*** Records provided Section Begins ***

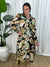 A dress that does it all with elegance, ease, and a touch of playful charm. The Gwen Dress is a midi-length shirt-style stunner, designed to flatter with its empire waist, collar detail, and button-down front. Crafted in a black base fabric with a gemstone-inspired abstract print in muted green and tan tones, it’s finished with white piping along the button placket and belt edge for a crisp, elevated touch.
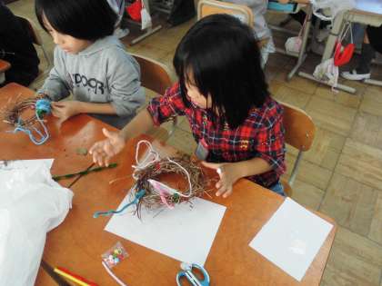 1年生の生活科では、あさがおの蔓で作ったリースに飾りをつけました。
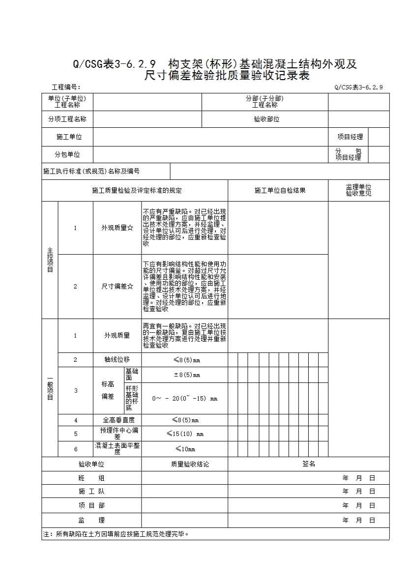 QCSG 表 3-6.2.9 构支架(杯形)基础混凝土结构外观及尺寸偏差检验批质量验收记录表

*** Records provided Section Ends ***
*** Records provided Section Begins ***

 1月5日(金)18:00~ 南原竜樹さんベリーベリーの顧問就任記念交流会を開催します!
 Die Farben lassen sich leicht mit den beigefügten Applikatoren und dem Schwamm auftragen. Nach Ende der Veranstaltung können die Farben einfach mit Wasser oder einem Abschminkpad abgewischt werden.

*** Records provided Section Ends ***

Would you give again, exactly, the lines in the data above that run from the line containing "A dress that" to the line containing "QCSG 表 3-6.2.9"? Include both ends and no pictures.

Result of this task:
 A dress that does it all with elegance, ease, and a touch of playful charm. The Gwen Dress is a midi-length shirt-style stunner, designed to flatter with its empire waist, collar detail, and button-down front. Crafted in a black base fabric with a gemstone-inspired abstract print in muted green and tan tones, it’s finished with white piping along the button placket and belt edge for a crisp, elevated touch.
 1年生の生活科では、あさがおの蔓で作ったリースに飾りをつけました。
 QCSG 表 3-6.2.9 构支架(杯形)基础混凝土结构外观及尺寸偏差检验批质量验收记录表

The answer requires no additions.